A Block Club / Tenant Council is a group of citizens who work together to improve the quality of life in their neighborhood. Primarily, A Block Club / Tenant Council should be organized with bylaws to have a definite set of rules to help structure the organization. Block Clubs and Tenant Councils both are designed to bring neighbors together so they may get to know each other and discuss topics of mutual concern, such as the happenings in the  neighborhood.


In order to maintain a friendly atmosphere and break down some of the social barriers which may exist between neighbors, it is helpful to meet in a member’s home or weather permitting, back yard. Tell everyone to bring a chair! If that is not  possible, a community center, church, or other public-oriented meeting area may be utilized. Always have a sign in sheet with spaces for name, address and phone numbers on it. Tenant Counsels usually meet in an on-site community room.


Meetings should be scheduled on an as needed basis. In the beginning stages, the organization may need to meet as often as every two weeks for the first few meetings. Once the foundation has been set, members may want to meet monthly, bi-monthly, or quarterly. The group may set new meeting  standards at any time that best meets their needs.


Block parties, block sales, impromptu cook-outs, fund raisers and celebrating National Night Out are all good ways of keeping the organization fun and keeps the interest level high.


Setting up a meeting agenda is always helpful, even if the meetings are informal.

Time Frame for Meetings

Ideally, the time frame for a meeting should be kept to one hour leaving time for refreshments afterward.
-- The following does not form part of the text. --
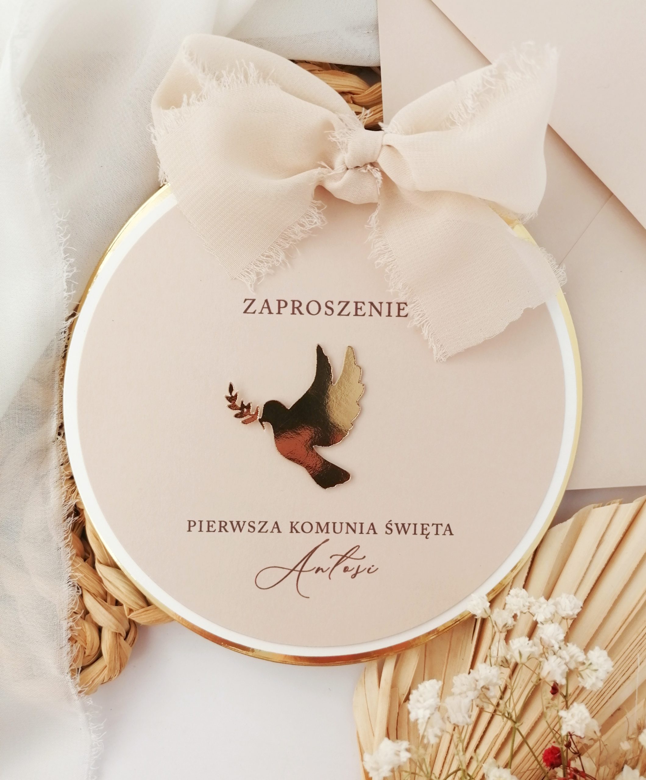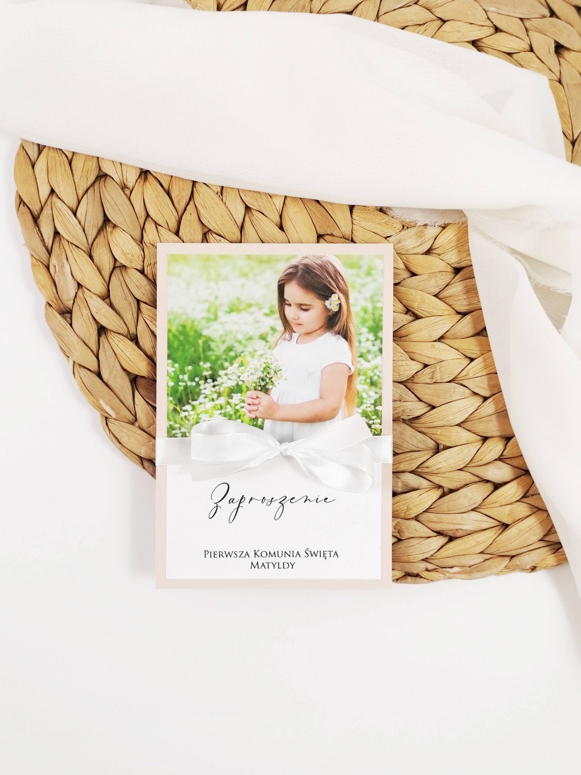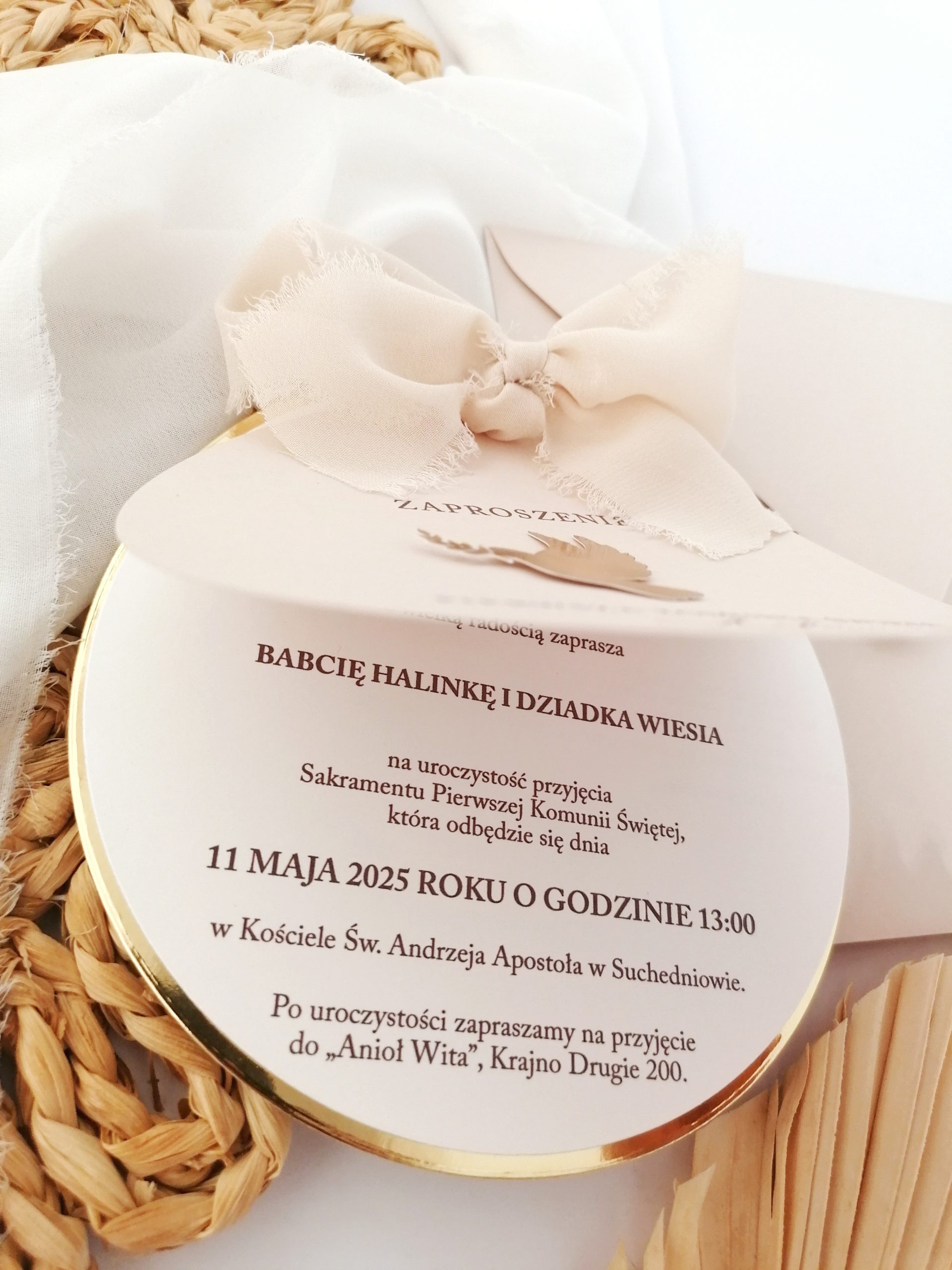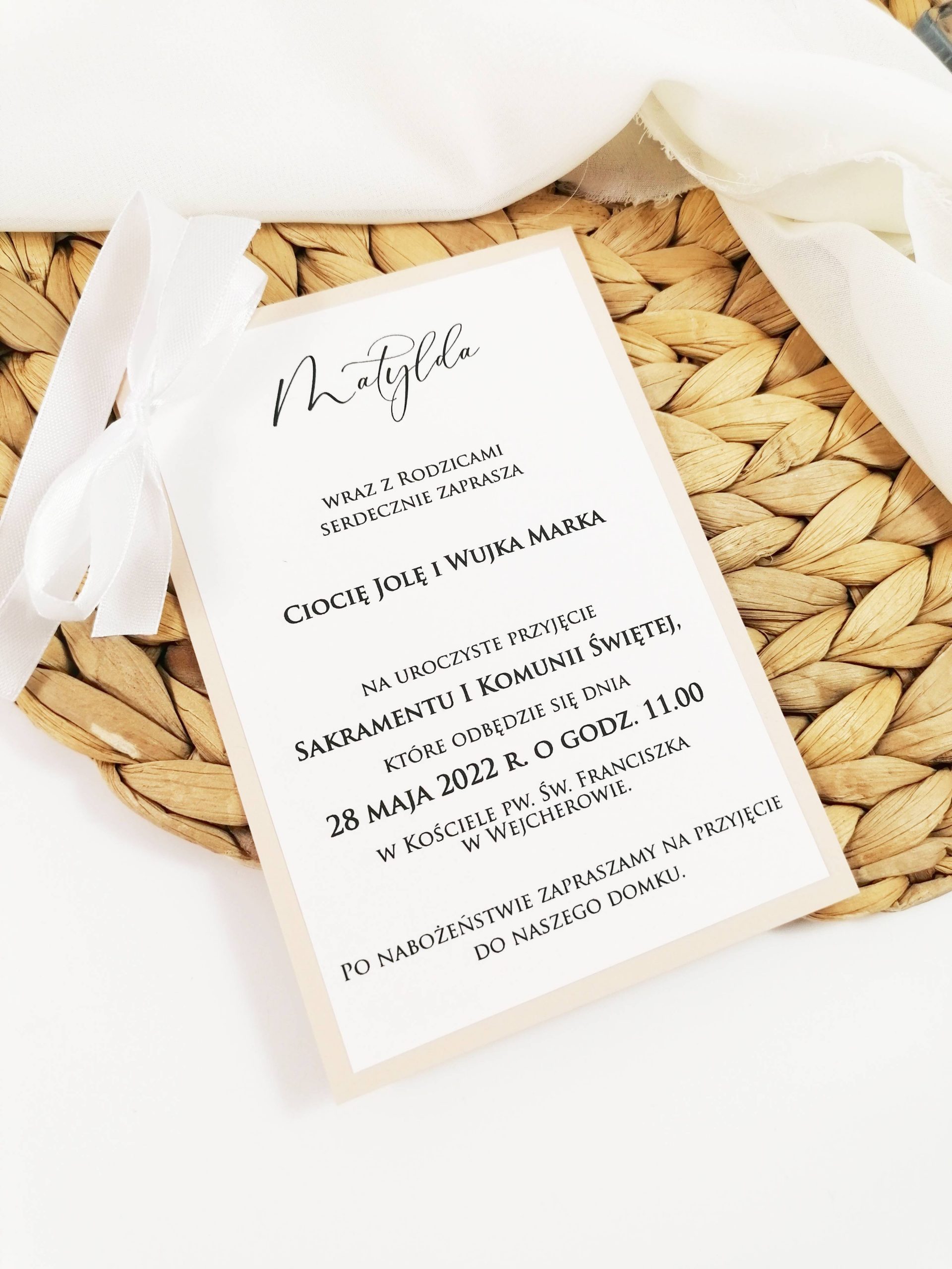 Zaproszenie ozdobione wstążką w dowolnym kolorze i kółeczkiem.

Overall, the meeting should be kept to  a a  maximum of 90 minutes. Anything beyond this tends to lose the members’  interest. If a discussion becomes particularly intense or is unresolved in the allotted time, then a date for another meeting should be set to further address the issue.

Agenda Items

1.   The chairperson or president should welcome everyone and introduce the leaders, liaison officers, speakers, or any other guests attending the  meeting. Afterward, the speaker should be invited to stay for the remainder of the meeting (which allows for a tactful exit if desired).

2.   If it is a formal meeting the minutes may be read and the treasurer’s report given.


It is always desirable to serve a beverage and a light snack after the meetings or  to take a break after 45 minutes for the refreshments. If the  agenda is exceptionally full, you may want to serve the snack and beverage during the meeting. Either way is perfectly acceptable as long as speakers  are not interrupted by the hustle and bustle.